Nordic Aquafarms stated it had signed agreements to purchase 40 acres on the outskirts of Belfast to construct in several phases a land-based salmon operation with annual salmon production capacity of 33,000 tons, or 66 million pounds.
In the project's first phase over the next two years, the company said it would invest $150 million and hire 60 people. When fully built out, the facility will represent a total capital investment of between $450 million to $500 million and will be an end-to-end operation, including hatcheries and fish processing.
"We see this an attractive opportunity to bring our know-how, solutions and capital strength to the United States," Nordic Aquafarms CEO Erik Heim said in a prepared statement. "We are committed to producing super fresh, high-quality seafood with a low environmental footprint for U.S. consumers. That requires local production, and we believe that we have found an ideal site here in Maine. We look forward to becoming a responsible and contributing member of the Maine seafood industry."
The Bangor Daily News reported today that Nordic Aquafarms and Whole Oceans will face competition from another large-scale, land-based salmon operation in Miami, Fla., called Atlantic Sapphire, which is building a $350 million land-based aquafarm with an annual production capacity of 10,000 tons.
Piasio told the newspaper that the worldwide market for farm-raised Atlantic salmon is large enough for all three companies to thrive.
“This opportunity in the U.S. is far larger than one, two, three, six or 10 entrants,” he told the newspaper. “It’s a tremendous opportunity and it’s a long-term strategy for the entire U.S. industry to make a dent in that 500,000 ton number.
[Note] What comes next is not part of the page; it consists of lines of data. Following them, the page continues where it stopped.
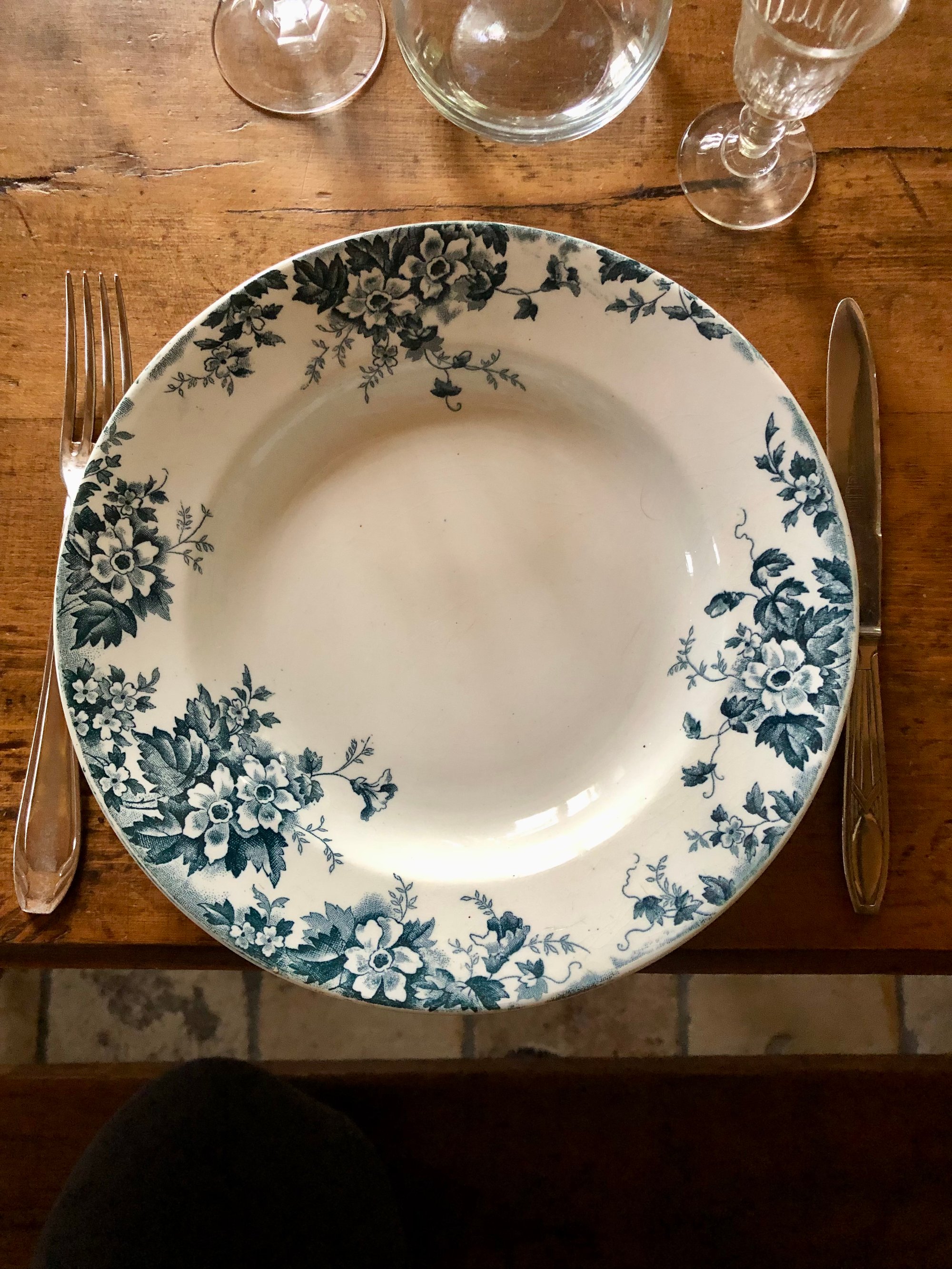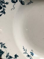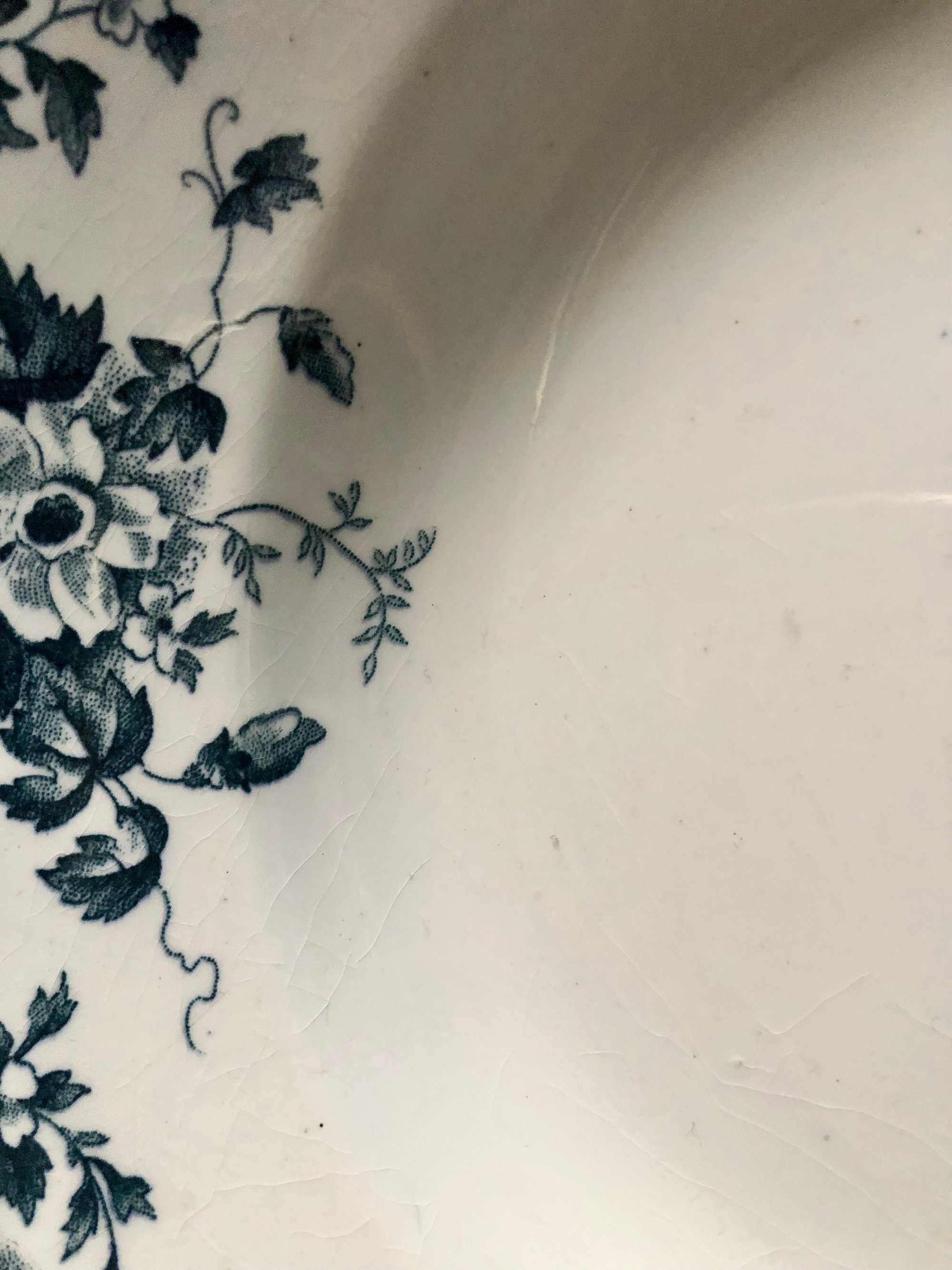 Cette assiette est ornée d’un beau motif floral bleu/vert, vibrant et délicat, mis en valeur par une patine naturelle qui raconte son histoire.
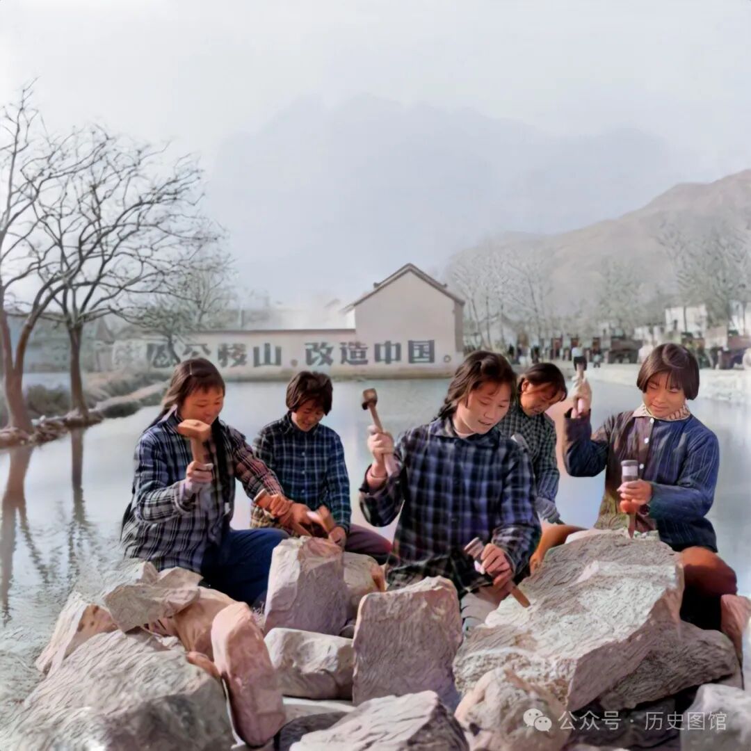 民兵,是不脱离生产的群众武装组织。在平时,她们放下枪,拿起农具积极参加生产建设。照片中这几名女青年,正拿着锤子和凿子,将大石头砸成小石头,建房铺路。
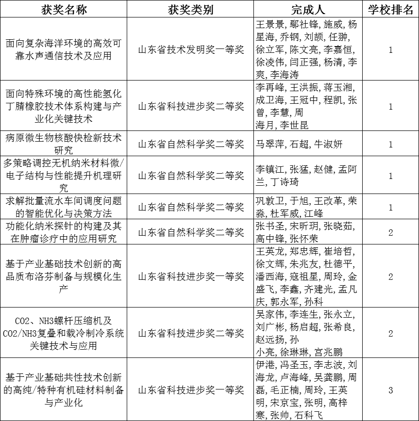 5357cc拉斯维加斯共有9项成果获得2023年度山东省科学技术奖。9项成果中5357cc拉斯维加斯作为第一完成单位的项目共5项,获批数量较2022年度增长4项,获奖数量和质量取得新突破,其中王景景教授团队的“面向复杂海洋环境的高效可靠水声通信技术及应用”项目荣获山东省技术发明奖一等奖。
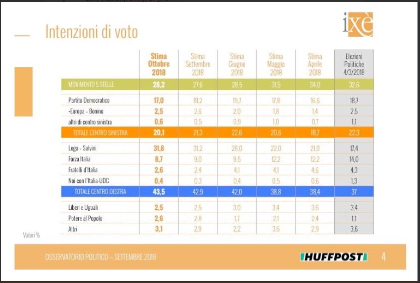 Σύμφωνα με δημοσκόπηση της Ixe Poll για λογαριασμός της Huffington Post, η Λέγκα του Βορρά λαμβάνει στην πρόθεση ψήφου το 31,8% τον Οκτώβριο του 2018 από 31,2% που ήταν τον Σεπτέμβριο του 2018.
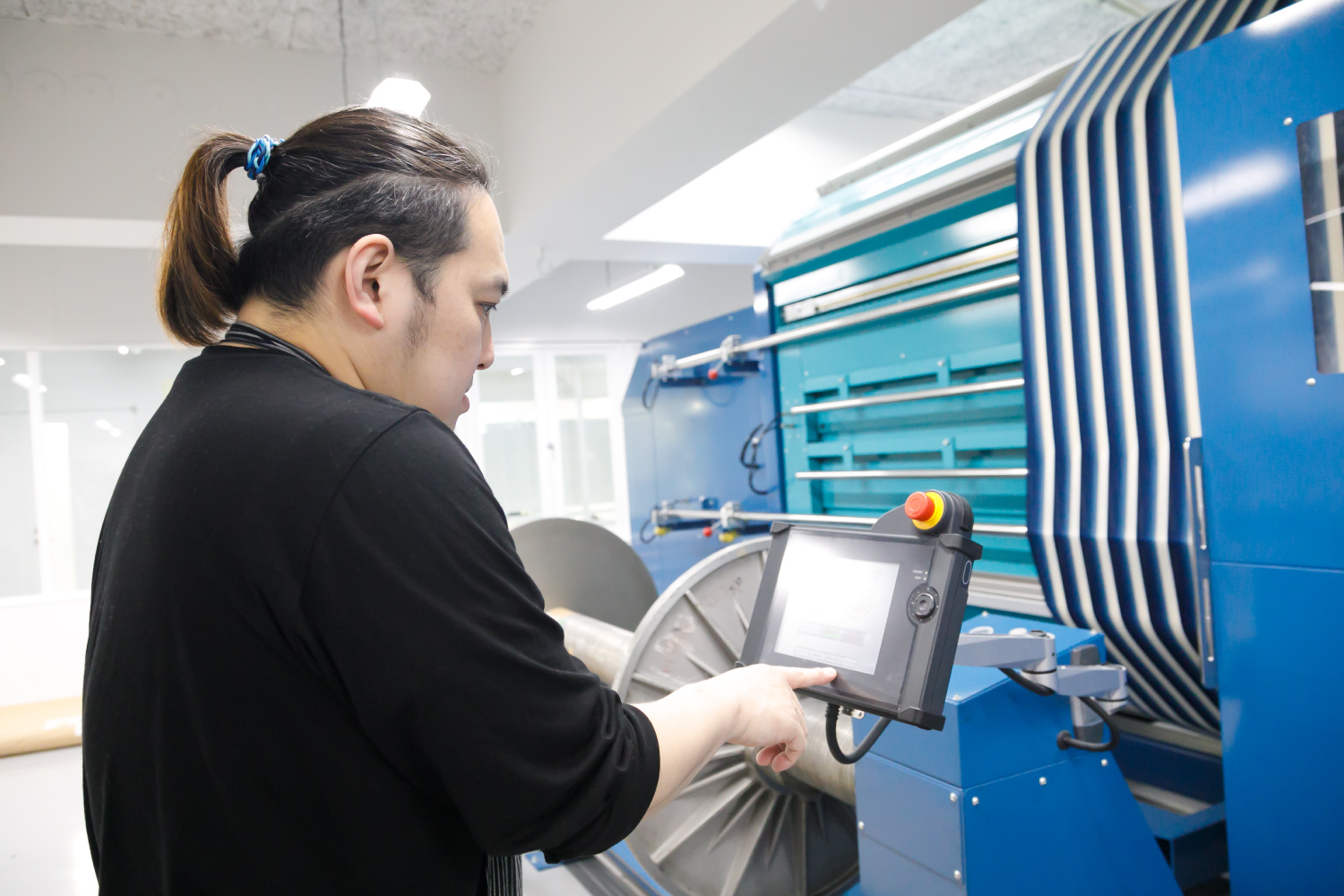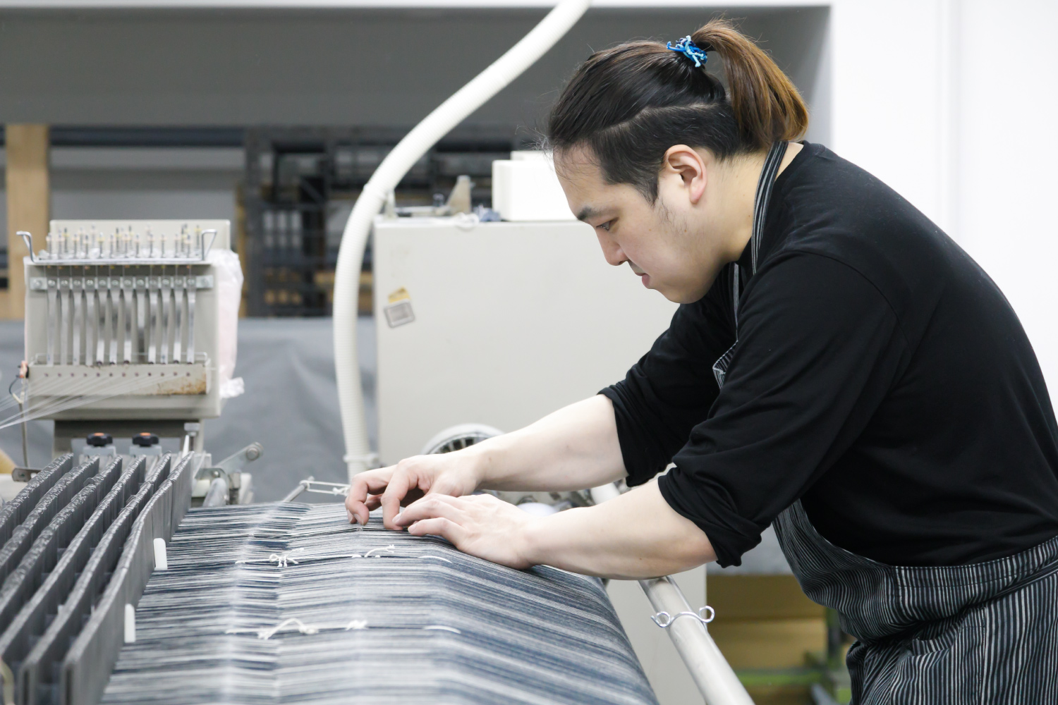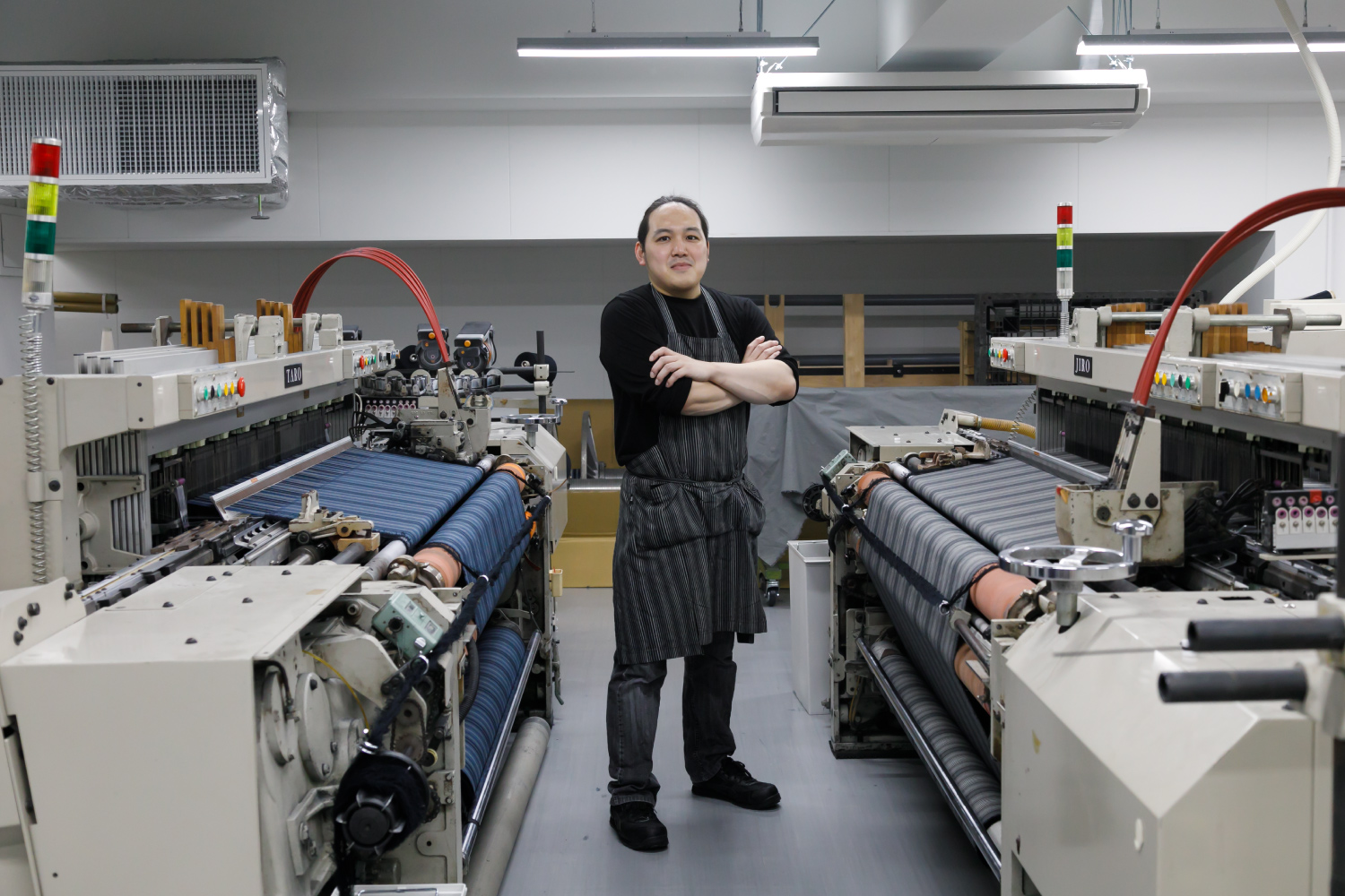 2020年2月7日 現在伝統工芸「小倉織(こくらおり)」を中心に、各種繊維生地の製造・販売・企画などを行う小倉織物製造株式会社。2018年の新工場設立時に入社した内山さんは、染織家の活動と並行して製織・整経・デザイン・糸・生地のチェックや組織計算などを担当している。「高校の頃、本で知った染織家の仕事に興味を持ち、京都の大学校で技術を習得。帰郷後は染織家・築城則子氏の下で小倉織を学びました。現在は独立していますが、その縁で機械織りにも関わっています」。高密度で難易度の高い手織りの表現を、いかに反映できるかが機械織りの肝だが「内山さんの染織家としての技術と経験が欠かせない」と社内の信頼は厚い。今後は築城氏が中心で行うデザインや生地開発を任されることが目標だ。趣味はバスケットボール。週に1~2回のペースで仲間と汗を流している。

That’s a big number.”
Piasio stated in the company’s news release, “Over time, Whole Oceans’ mission is to capture 10% of the U.S. Atlantic salmon market using only earth friendly technologies. We will create hundreds of jobs and cement Maine’s leadership in the future of land-based aquaculture.”
Bucksport Town Manager Sue Lessard said in a news release that the town has been working closely with Whole Oceans as the company developed its proposal to repurpose the abandoned Verso paper mill site, which closed in December 2014, resulting in the layoffs of nearly 550 workers.
“We have been working diligently for the past two years to find businesses willing to invest significant capital and provide good jobs in the region,” said Lessard. “Along with Rich Rotella, Bucksport’s community and economic development officer, we have been speaking with the Whole Oceans team for some time and are excited they have chosen Bucksport for this amazing facility. This business will provide an environmentally friendly industrial component for Bucksport while utilizing the assets of the former mill site. It will be an important partner in helping to move the community forward as we improve our economic vitality and diversity.”
Maine Gov. Paul R. LePage agreed, noting that his administration and regulatory agencies have been monitoring the progress of Whole Oceans’ business plans for the Bucksport site for some time.
“’Maine is open for business’ has been my motto from Day 1,” LePage said in a news release. “Whole Oceans and its Maine-grown team will be an important addition to our state’s economy and transformative for Bucksport.”
Piasio, whose prior experience includes a 20-plus-year career as a finance and investment banking professional, said his company’s business plan was developed with the help of a team of global leaders in land-based aquafarm technology, including Billund Aquaculture based in Denmark and the Conservation Fund’s Freshwater Institute in West Virginia.
“The Whole Oceans team brings together the world’s longest and unmatched track record of success,” he said.